Lawley: I think what would have helped us on this is to have been able to get outside support for what we’re doing — sponsorship and things like that — early in the process, so we weren’t trying to do that at the same time as we were trying to do really hard-core development. We should, earlier on, have come up with a clearer message to provide to potential advertisers and sponsors. We worked with a PR firm that said they were going to do that. One of things I learned from that is that it’s really important to have someone with a deep understanding of the game doing all the external contact. You can’t outsource that to a PR person. It really has to be a person who understands what it is we’re doing and why ‘re doing it, or it just doesn’t get response from the sponsors.

Both of you have mentioned that you’ve had a hard time crafting a quick pitch of the game to people who are outside the process. What’s been the attitude of D&C newspaper staff towards this alternate reality project?

Bauer: I haven’t heard anything negative, but I do think people are a little confused about exactly what it is, what it looks like at the end, how does it look to play it. We talked about it at staff meetings. My boss, the VP of news, is really good at motivating and kind of cheerleading about these things, and she’s very open about experimentation. But really the magic was the one-on-one, going to the photo editor and talking to her about what we wanted to do, and convincing her that her expertise was a valued part of the equation — the reporters, the photographers. The newsroom at large is a little bit — many of them are really going to have to see it to understand what it is.

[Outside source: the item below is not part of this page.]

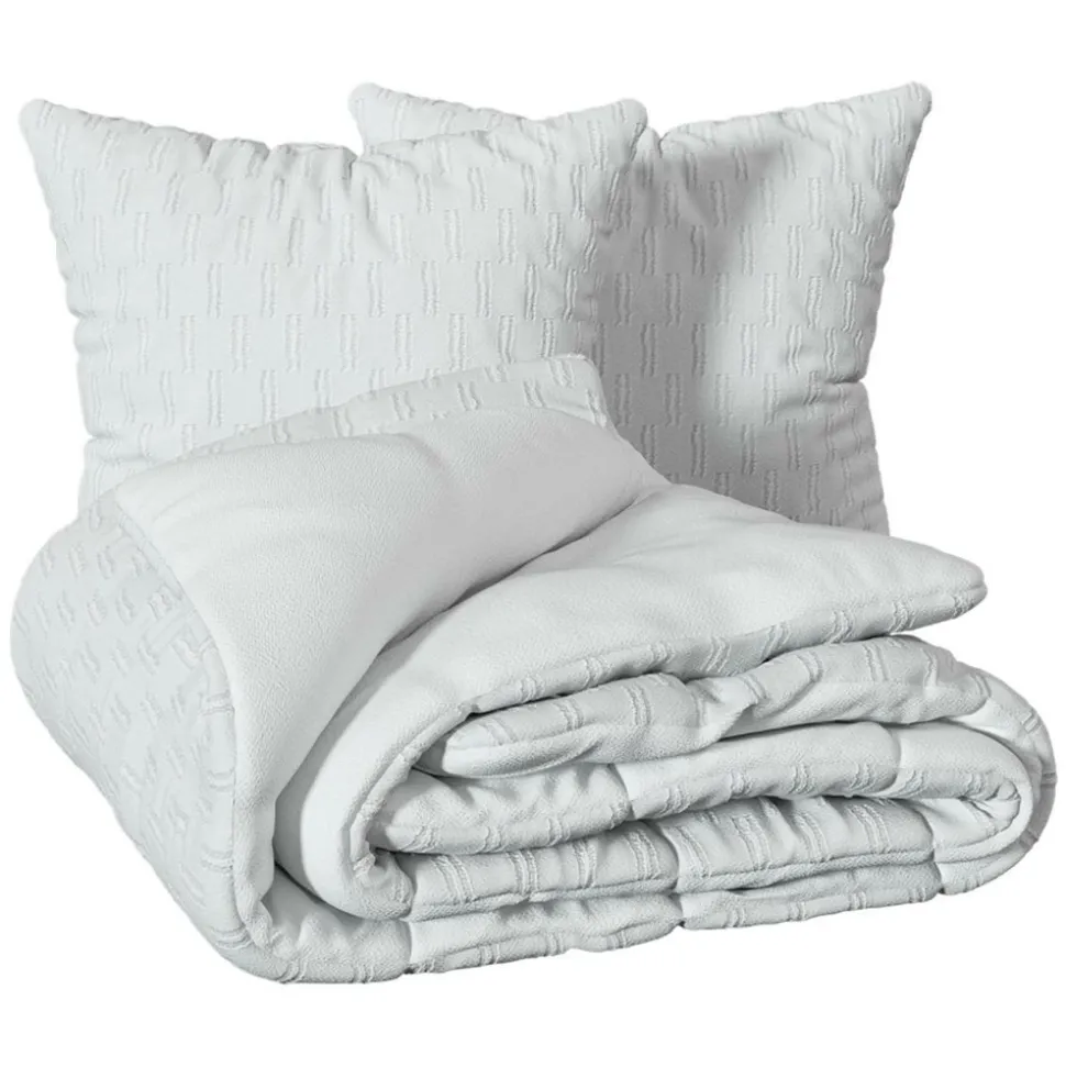 La parure de lit 3 pièces « Edie » Atmosphera est réalisée dans un tissu jacquard blanc sur l’endroit et elle est doublée de tissu microfibre sur l’envers. Chaude et confortable, la housse de couette est équipée d’une fermeture à boutons et elle conviendra pour une couette deux personnes en 260×240 cm. Coordonnée à deux taies d’oreillers carrées de taille standard, elle vous procurera une douceur douillette !

You sound very optimistic about the project.

Bauer: We did this on top of layoffs, raises being eliminated — at a time when morale wasn’t the best it’s ever been. But we were still able to motivate a pretty big group of people to want to be a part of this. It was a much needed boost at a time when we were really suffering as a group just to get a newspaper and website out. At a time when your newspaper is cutting back and cutting back, you need something to motivate them, to remind them why we’re still focused on the newspaper.

What kind of impact has direct collaboration with tech professors and students had on the newspaper?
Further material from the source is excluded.